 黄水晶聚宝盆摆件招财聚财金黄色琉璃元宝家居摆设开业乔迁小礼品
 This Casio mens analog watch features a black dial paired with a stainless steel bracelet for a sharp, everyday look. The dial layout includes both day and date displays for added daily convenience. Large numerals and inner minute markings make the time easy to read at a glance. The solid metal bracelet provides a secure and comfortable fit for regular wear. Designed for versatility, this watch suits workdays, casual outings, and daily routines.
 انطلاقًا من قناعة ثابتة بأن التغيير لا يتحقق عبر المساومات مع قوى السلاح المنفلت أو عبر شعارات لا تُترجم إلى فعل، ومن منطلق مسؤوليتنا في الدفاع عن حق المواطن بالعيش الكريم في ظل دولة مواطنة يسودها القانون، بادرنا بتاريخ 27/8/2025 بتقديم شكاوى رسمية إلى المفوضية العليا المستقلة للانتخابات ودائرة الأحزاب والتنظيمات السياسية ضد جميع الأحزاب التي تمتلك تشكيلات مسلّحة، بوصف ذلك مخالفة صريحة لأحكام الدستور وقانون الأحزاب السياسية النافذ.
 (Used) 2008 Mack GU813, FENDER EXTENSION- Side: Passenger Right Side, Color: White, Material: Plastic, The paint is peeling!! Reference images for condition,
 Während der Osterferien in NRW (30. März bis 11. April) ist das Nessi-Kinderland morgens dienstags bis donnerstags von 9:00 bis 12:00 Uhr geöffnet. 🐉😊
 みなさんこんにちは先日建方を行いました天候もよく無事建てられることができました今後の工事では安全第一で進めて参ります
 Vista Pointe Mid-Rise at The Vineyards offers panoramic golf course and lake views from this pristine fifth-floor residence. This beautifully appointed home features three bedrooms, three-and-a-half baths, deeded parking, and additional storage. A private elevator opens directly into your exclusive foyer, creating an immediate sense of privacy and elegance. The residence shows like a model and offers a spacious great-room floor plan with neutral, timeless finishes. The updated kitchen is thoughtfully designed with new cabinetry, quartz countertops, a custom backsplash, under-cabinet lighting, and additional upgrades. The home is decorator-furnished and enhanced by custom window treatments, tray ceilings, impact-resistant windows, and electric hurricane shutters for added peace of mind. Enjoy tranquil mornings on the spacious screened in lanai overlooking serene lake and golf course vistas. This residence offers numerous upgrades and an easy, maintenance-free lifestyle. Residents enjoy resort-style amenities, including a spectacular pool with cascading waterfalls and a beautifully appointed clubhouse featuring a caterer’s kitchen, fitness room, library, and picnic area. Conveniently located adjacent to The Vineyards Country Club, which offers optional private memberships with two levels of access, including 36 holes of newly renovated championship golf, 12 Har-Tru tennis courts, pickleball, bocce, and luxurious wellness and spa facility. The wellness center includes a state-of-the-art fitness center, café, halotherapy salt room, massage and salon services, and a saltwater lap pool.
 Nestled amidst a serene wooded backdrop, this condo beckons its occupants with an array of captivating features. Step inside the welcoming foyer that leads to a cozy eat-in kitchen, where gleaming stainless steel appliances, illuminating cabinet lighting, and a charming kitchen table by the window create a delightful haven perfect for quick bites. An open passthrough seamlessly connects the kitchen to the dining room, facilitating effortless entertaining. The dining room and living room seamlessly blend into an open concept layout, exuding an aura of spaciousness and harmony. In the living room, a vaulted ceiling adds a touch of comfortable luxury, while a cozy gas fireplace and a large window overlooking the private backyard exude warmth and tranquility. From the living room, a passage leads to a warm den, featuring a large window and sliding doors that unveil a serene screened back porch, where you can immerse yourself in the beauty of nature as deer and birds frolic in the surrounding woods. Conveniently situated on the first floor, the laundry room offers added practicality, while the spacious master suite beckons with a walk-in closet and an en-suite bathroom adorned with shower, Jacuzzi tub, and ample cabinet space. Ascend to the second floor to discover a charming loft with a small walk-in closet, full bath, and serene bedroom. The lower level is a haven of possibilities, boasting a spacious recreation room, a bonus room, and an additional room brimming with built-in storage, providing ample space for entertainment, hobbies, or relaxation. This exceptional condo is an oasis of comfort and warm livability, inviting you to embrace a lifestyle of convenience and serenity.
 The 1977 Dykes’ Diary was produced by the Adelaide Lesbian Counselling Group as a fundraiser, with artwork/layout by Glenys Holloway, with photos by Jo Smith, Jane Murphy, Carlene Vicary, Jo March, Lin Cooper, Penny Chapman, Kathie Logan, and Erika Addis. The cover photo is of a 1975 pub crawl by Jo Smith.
****
The data above needs retyping. Reproduce each line exactly.

# REPLY:
 黄水晶聚宝盆摆件招财聚财金黄色琉璃元宝家居摆设开业乔迁小礼品
 This Casio mens analog watch features a black dial paired with a stainless steel bracelet for a sharp, everyday look. The dial layout includes both day and date displays for added daily convenience. Large numerals and inner minute markings make the time easy to read at a glance. The solid metal bracelet provides a secure and comfortable fit for regular wear. Designed for versatility, this watch suits workdays, casual outings, and daily routines.
 انطلاقًا من قناعة ثابتة بأن التغيير لا يتحقق عبر المساومات مع قوى السلاح المنفلت أو عبر شعارات لا تُترجم إلى فعل، ومن منطلق مسؤوليتنا في الدفاع عن حق المواطن بالعيش الكريم في ظل دولة مواطنة يسودها القانون، بادرنا بتاريخ 27/8/2025 بتقديم شكاوى رسمية إلى المفوضية العليا المستقلة للانتخابات ودائرة الأحزاب والتنظيمات السياسية ضد جميع الأحزاب التي تمتلك تشكيلات مسلّحة، بوصف ذلك مخالفة صريحة لأحكام الدستور وقانون الأحزاب السياسية النافذ.
 (Used) 2008 Mack GU813, FENDER EXTENSION- Side: Passenger Right Side, Color: White, Material: Plastic, The paint is peeling!! Reference images for condition,
 Während der Osterferien in NRW (30. März bis 11. April) ist das Nessi-Kinderland morgens dienstags bis donnerstags von 9:00 bis 12:00 Uhr geöffnet. 🐉😊
 みなさんこんにちは先日建方を行いました天候もよく無事建てられることができました今後の工事では安全第一で進めて参ります
 Vista Pointe Mid-Rise at The Vineyards offers panoramic golf course and lake views from this pristine fifth-floor residence. This beautifully appointed home features three bedrooms, three-and-a-half baths, deeded parking, and additional storage. A private elevator opens directly into your exclusive foyer, creating an immediate sense of privacy and elegance. The residence shows like a model and offers a spacious great-room floor plan with neutral, timeless finishes. The updated kitchen is thoughtfully designed with new cabinetry, quartz countertops, a custom backsplash, under-cabinet lighting, and additional upgrades. The home is decorator-furnished and enhanced by custom window treatments, tray ceilings, impact-resistant windows, and electric hurricane shutters for added peace of mind. Enjoy tranquil mornings on the spacious screened in lanai overlooking serene lake and golf course vistas. This residence offers numerous upgrades and an easy, maintenance-free lifestyle. Residents enjoy resort-style amenities, including a spectacular pool with cascading waterfalls and a beautifully appointed clubhouse featuring a caterer’s kitchen, fitness room, library, and picnic area. Conveniently located adjacent to The Vineyards Country Club, which offers optional private memberships with two levels of access, including 36 holes of newly renovated championship golf, 12 Har-Tru tennis courts, pickleball, bocce, and luxurious wellness and spa facility. The wellness center includes a state-of-the-art fitness center, café, halotherapy salt room, massage and salon services, and a saltwater lap pool.
 Nestled amidst a serene wooded backdrop, this condo beckons its occupants with an array of captivating features. Step inside the welcoming foyer that leads to a cozy eat-in kitchen, where gleaming stainless steel appliances, illuminating cabinet lighting, and a charming kitchen table by the window create a delightful haven perfect for quick bites. An open passthrough seamlessly connects the kitchen to the dining room, facilitating effortless entertaining. The dining room and living room seamlessly blend into an open concept layout, exuding an aura of spaciousness and harmony. In the living room, a vaulted ceiling adds a touch of comfortable luxury, while a cozy gas fireplace and a large window overlooking the private backyard exude warmth and tranquility. From the living room, a passage leads to a warm den, featuring a large window and sliding doors that unveil a serene screened back porch, where you can immerse yourself in the beauty of nature as deer and birds frolic in the surrounding woods. Conveniently situated on the first floor, the laundry room offers added practicality, while the spacious master suite beckons with a walk-in closet and an en-suite bathroom adorned with shower, Jacuzzi tub, and ample cabinet space. Ascend to the second floor to discover a charming loft with a small walk-in closet, full bath, and serene bedroom. The lower level is a haven of possibilities, boasting a spacious recreation room, a bonus room, and an additional room brimming with built-in storage, providing ample space for entertainment, hobbies, or relaxation. This exceptional condo is an oasis of comfort and warm livability, inviting you to embrace a lifestyle of convenience and serenity.
 The 1977 Dykes’ Diary was produced by the Adelaide Lesbian Counselling Group as a fundraiser, with artwork/layout by Glenys Holloway, with photos by Jo Smith, Jane Murphy, Carlene Vicary, Jo March, Lin Cooper, Penny Chapman, Kathie Logan, and Erika Addis. The cover photo is of a 1975 pub crawl by Jo Smith.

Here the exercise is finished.